= WHAT YOU HAVE TO DO =
Set the material down again exactly, line by line, skipping each picture.

= GIVEN INFORMATION =
════════════════

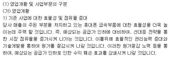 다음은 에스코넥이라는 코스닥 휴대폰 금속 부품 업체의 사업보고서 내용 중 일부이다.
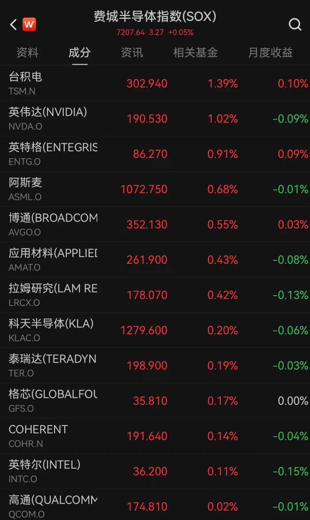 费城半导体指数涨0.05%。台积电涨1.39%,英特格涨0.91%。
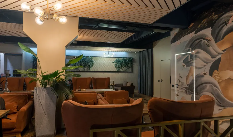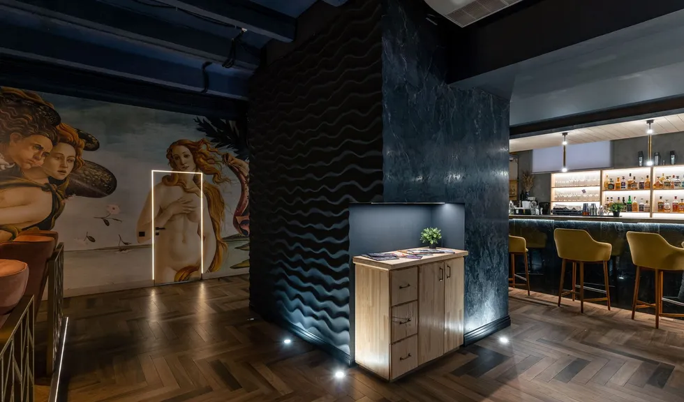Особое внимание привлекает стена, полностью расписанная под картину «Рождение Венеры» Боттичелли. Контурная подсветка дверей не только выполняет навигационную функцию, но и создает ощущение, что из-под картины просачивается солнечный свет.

════════════════

= TASK SOLUTION =
 다음은 에스코넥이라는 코스닥 휴대폰 금속 부품 업체의 사업보고서 내용 중 일부이다.
 费城半导体指数涨0.05%。台积电涨1.39%,英特格涨0.91%。
Особое внимание привлекает стена, полностью расписанная под картину «Рождение Венеры» Боттичелли. Контурная подсветка дверей не только выполняет навигационную функцию, но и создает ощущение, что из-под картины просачивается солнечный свет.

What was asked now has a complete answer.